**What is being asked**
Could you repeat the data word for word while skipping the pictures?

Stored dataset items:
++++

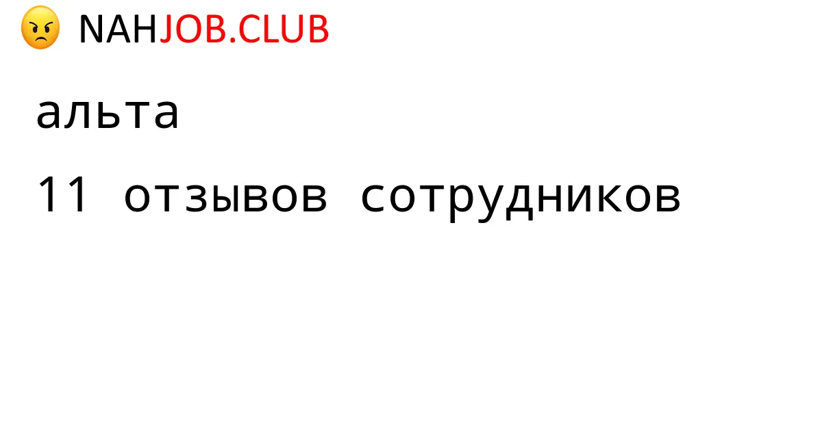 🔴 Мы собрали 11 отзывов бывших сотрудников про АЛЬТА по городу Воронеж . Это данные изнутри про зарплату, коллектив, штрафы.
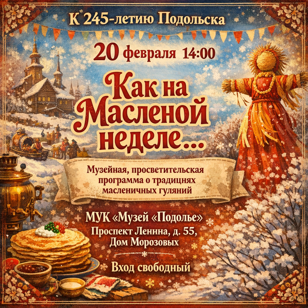 20 февраля в 14:00 музей-заповедник «Подолье» приглашает вас на яркую музейную просветительскую программу
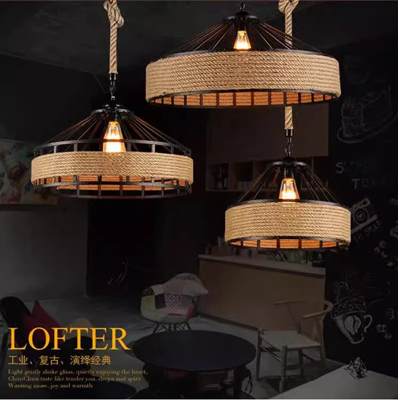 Classical Hemp Rope Pendant Hanging Lamp Lustre for Ceiling
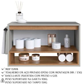 Transforme o visual do seu banheiro com este gabinete moderno e charmoso, ideal para quem busca praticidade e estilo. Com toalheiro em aço com pintura epóxi, 01 porta basculante e 01 nicho espaçoso para organizar todos os seus itens, ele une beleza e praticidade. Seu design com cores modernas e sofisticadas proporciona o toque de requinte que o ambiente merece. O grande diferencial é o porta-toalhas pode ser instalado no lado direito ou esquerdo, sem a necessidade de furar paredes. Não acompanha cuba. Este móvel chegará em sua casa separado em 01 Volume.
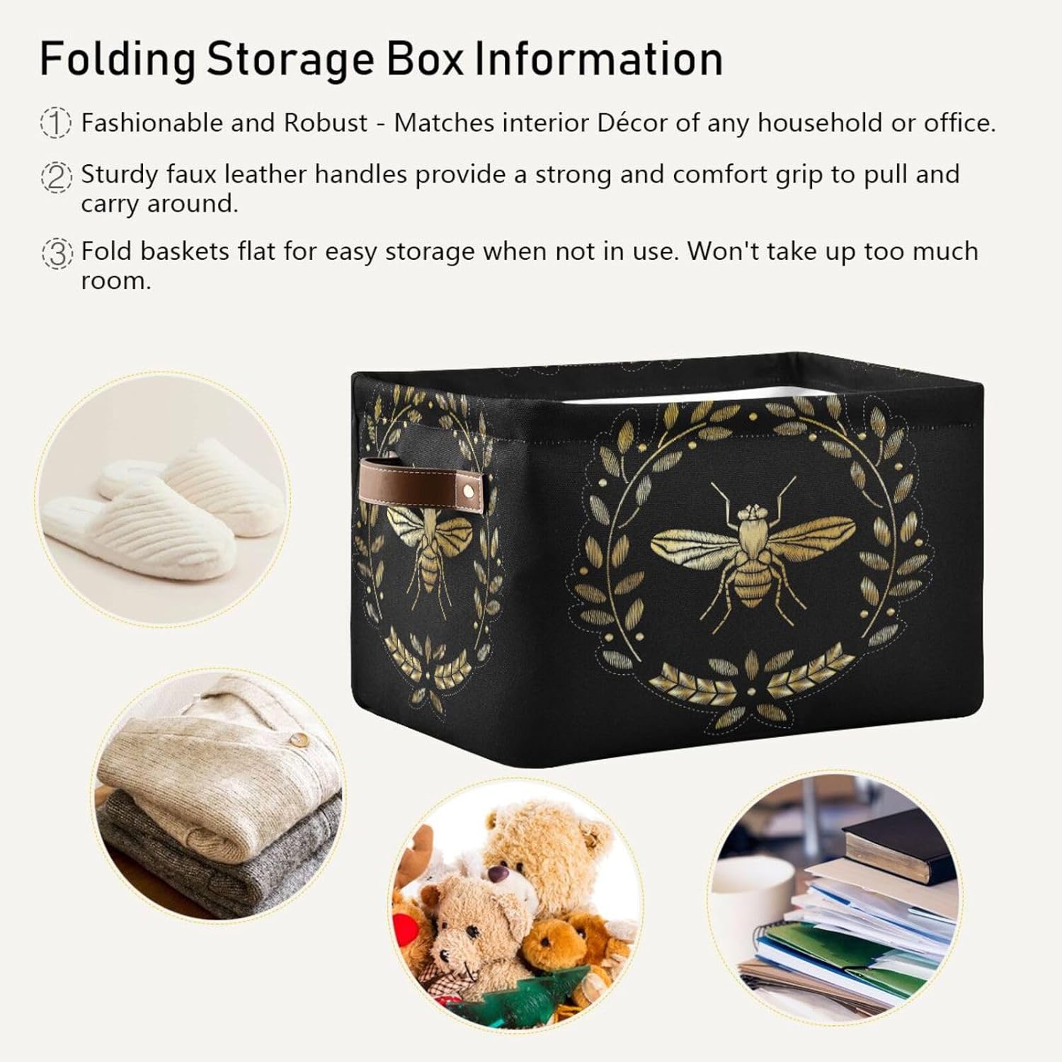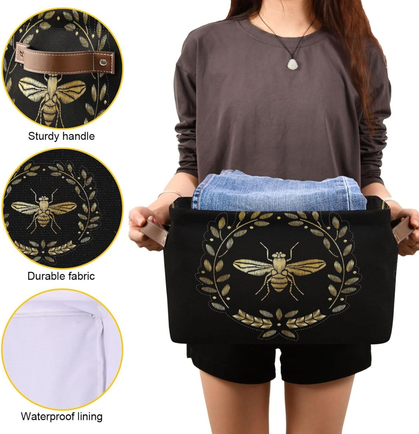 susiyo Storage Baskets for Shelves Organizer Baskets with Metal Frame Closet Storage Bins Fabric Bins Cubes with PU Handles for Organizing Shelf Nursery Toys 1 PACK,Gold Bee Floral
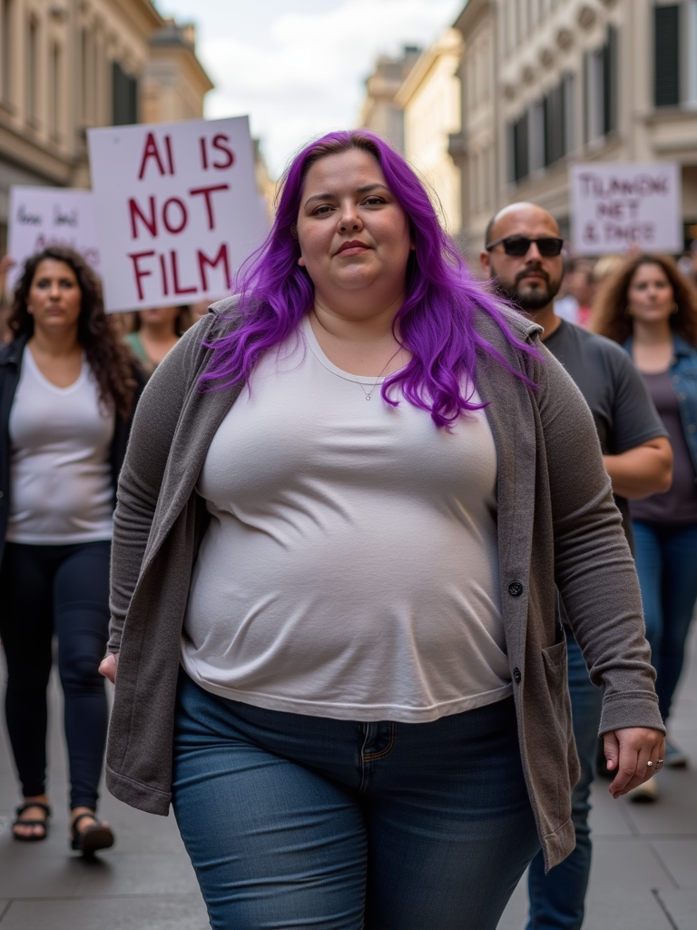 group of obese fat protesters in casual clothes with purple hair holding signs "ai is not film"
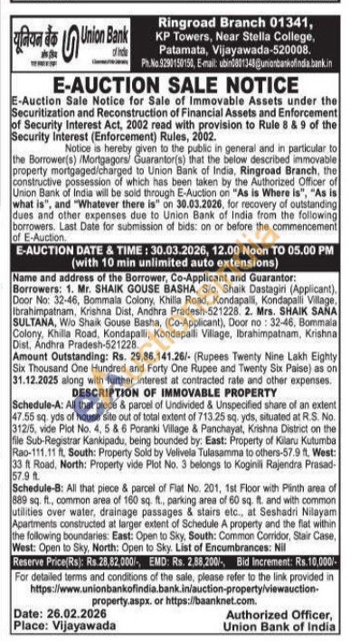 Schedule-A: All that piece & parcel of Undivided & Unspecified share of an extent 47.55 sq. yds of house site out of total extent of 713.25 sq. yds, situated at R.S. No. 312/5, vide Plot No. 4, 5 & 6 Poranki Village & Panchayat, Krishna District on the file Sub-Registrar Kankipadu, being bounded by: East: Property of Kilaru Kutumba Rao-111.11 ft, South: Property Sold by Velivela Tulasamma to others-57.9 ft. West: 33 ft Road, North: Property vide Plot No. 3 belongs to Koginili Rajendra Prasad-57.9 ft Schedule-B: All that piece & parcel of Flat No. 201, 1st Floor with Plinth area of 889 sq. ft., common area of 160 sq. ft., parking area of 60 sq. ft. and with common utilities over water, drainage passages & stairs etc., at Seshadri Nilayam Apartments constructed at larger extent of Schedule A property and the flat within the following boundaries: East: Open to Sky, South: Common Corridor, Stair Case, West: Open to Sky, North: Open to Sky. List of Encumbrances: Nil
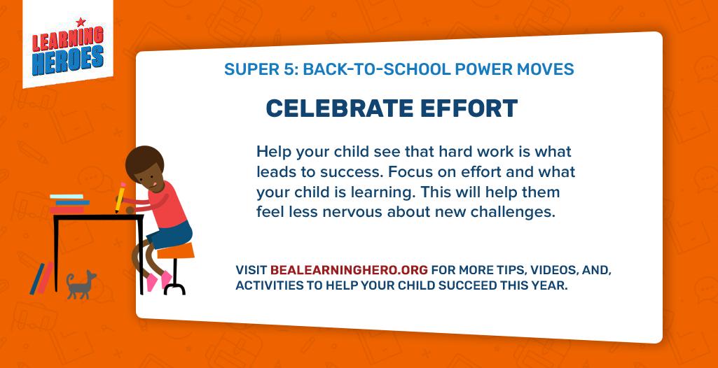 Help your child see hard work leads to success. Focus on effort and what your child is learning to help them feel less nervous about new tasks! More free resources to help support this life skill and others at https://bit.ly/2LaG2Aq pic.twitter.com/IDpOJDwLkt
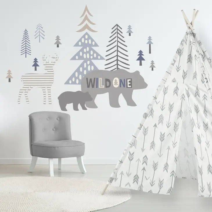 The Baby Logan Wall Decal is an adorable accent to the nursery. Inspired by an adventurous scene of bears and trees, the Logan Wall Decal features a mama bear, her cub, majestic trees and a friendly deer. This item perfectly complements the other items in the Baby Logan Collection, enjoy for years to come!
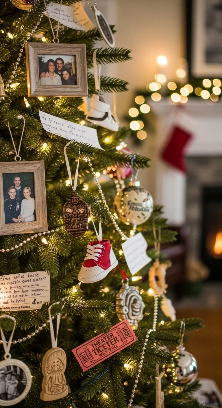 Hang photo ornaments, handwritten messages, and small mementos. Each ornament tells a story. You can make photo baubles with clear plastic ornaments and printed pictures. It’s sentimental and unique to your family.
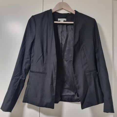 Pitkä ja edestä avoin kevyt jakkutakki sisäkäyttöön. Edessä kaksi taskuja. Sivuilla helmassa halkiot. Hihat ovat ommeltu käärityiksi.
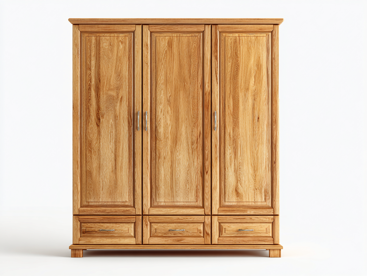 Este armario de tres puertas está diseñado para ofrecer un amplio espacio de almacenamiento en el dormitorio. Su estructura robusta y su acabado en madera natural aportan una apariencia cálida y elegante que se adapta fácilmente a diferentes estilos de interior. Gracias a su diseño vertical proporciona una solución práctica para organizar ropa accesorios y artículos personales.
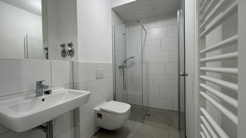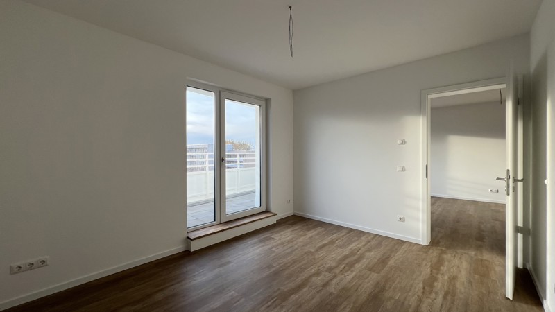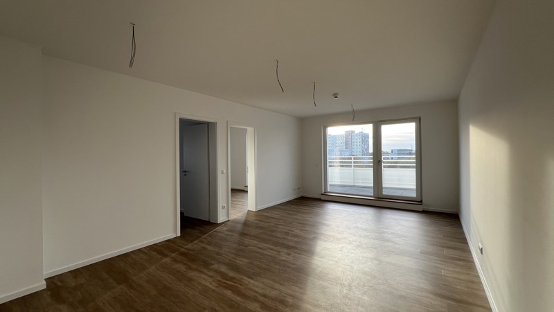 Offene Küche (keine Einbauküche) zum Wohnzimmer, Fußbodenheizung, Balkone/Terrassen, Design-Vinyl-Boden in Holzoptik, Bad mit hochwertiger Ausstattung.

++++

**Answer to the problem**
 🔴 Мы собрали 11 отзывов бывших сотрудников про АЛЬТА по городу Воронеж . Это данные изнутри про зарплату, коллектив, штрафы.
 20 февраля в 14:00 музей-заповедник «Подолье» приглашает вас на яркую музейную просветительскую программу
 Classical Hemp Rope Pendant Hanging Lamp Lustre for Ceiling
 Transforme o visual do seu banheiro com este gabinete moderno e charmoso, ideal para quem busca praticidade e estilo. Com toalheiro em aço com pintura epóxi, 01 porta basculante e 01 nicho espaçoso para organizar todos os seus itens, ele une beleza e praticidade. Seu design com cores modernas e sofisticadas proporciona o toque de requinte que o ambiente merece. O grande diferencial é o porta-toalhas pode ser instalado no lado direito ou esquerdo, sem a necessidade de furar paredes. Não acompanha cuba. Este móvel chegará em sua casa separado em 01 Volume.
 susiyo Storage Baskets for Shelves Organizer Baskets with Metal Frame Closet Storage Bins Fabric Bins Cubes with PU Handles for Organizing Shelf Nursery Toys 1 PACK,Gold Bee Floral
 group of obese fat protesters in casual clothes with purple hair holding signs "ai is not film"
 Schedule-A: All that piece & parcel of Undivided & Unspecified share of an extent 47.55 sq. yds of house site out of total extent of 713.25 sq. yds, situated at R.S. No. 312/5, vide Plot No. 4, 5 & 6 Poranki Village & Panchayat, Krishna District on the file Sub-Registrar Kankipadu, being bounded by: East: Property of Kilaru Kutumba Rao-111.11 ft, South: Property Sold by Velivela Tulasamma to others-57.9 ft. West: 33 ft Road, North: Property vide Plot No. 3 belongs to Koginili Rajendra Prasad-57.9 ft Schedule-B: All that piece & parcel of Flat No. 201, 1st Floor with Plinth area of 889 sq. ft., common area of 160 sq. ft., parking area of 60 sq. ft. and with common utilities over water, drainage passages & stairs etc., at Seshadri Nilayam Apartments constructed at larger extent of Schedule A property and the flat within the following boundaries: East: Open to Sky, South: Common Corridor, Stair Case, West: Open to Sky, North: Open to Sky. List of Encumbrances: Nil
 Help your child see hard work leads to success. Focus on effort and what your child is learning to help them feel less nervous about new tasks! More free resources to help support this life skill and others at https://bit.ly/2LaG2Aq pic.twitter.com/IDpOJDwLkt
 The Baby Logan Wall Decal is an adorable accent to the nursery. Inspired by an adventurous scene of bears and trees, the Logan Wall Decal features a mama bear, her cub, majestic trees and a friendly deer. This item perfectly complements the other items in the Baby Logan Collection, enjoy for years to come!
 Hang photo ornaments, handwritten messages, and small mementos. Each ornament tells a story. You can make photo baubles with clear plastic ornaments and printed pictures. It’s sentimental and unique to your family.
 Pitkä ja edestä avoin kevyt jakkutakki sisäkäyttöön. Edessä kaksi taskuja. Sivuilla helmassa halkiot. Hihat ovat ommeltu käärityiksi.
 Este armario de tres puertas está diseñado para ofrecer un amplio espacio de almacenamiento en el dormitorio. Su estructura robusta y su acabado en madera natural aportan una apariencia cálida y elegante que se adapta fácilmente a diferentes estilos de interior. Gracias a su diseño vertical proporciona una solución práctica para organizar ropa accesorios y artículos personales.
 Offene Küche (keine Einbauküche) zum Wohnzimmer, Fußbodenheizung, Balkone/Terrassen, Design-Vinyl-Boden in Holzoptik, Bad mit hochwertiger Ausstattung.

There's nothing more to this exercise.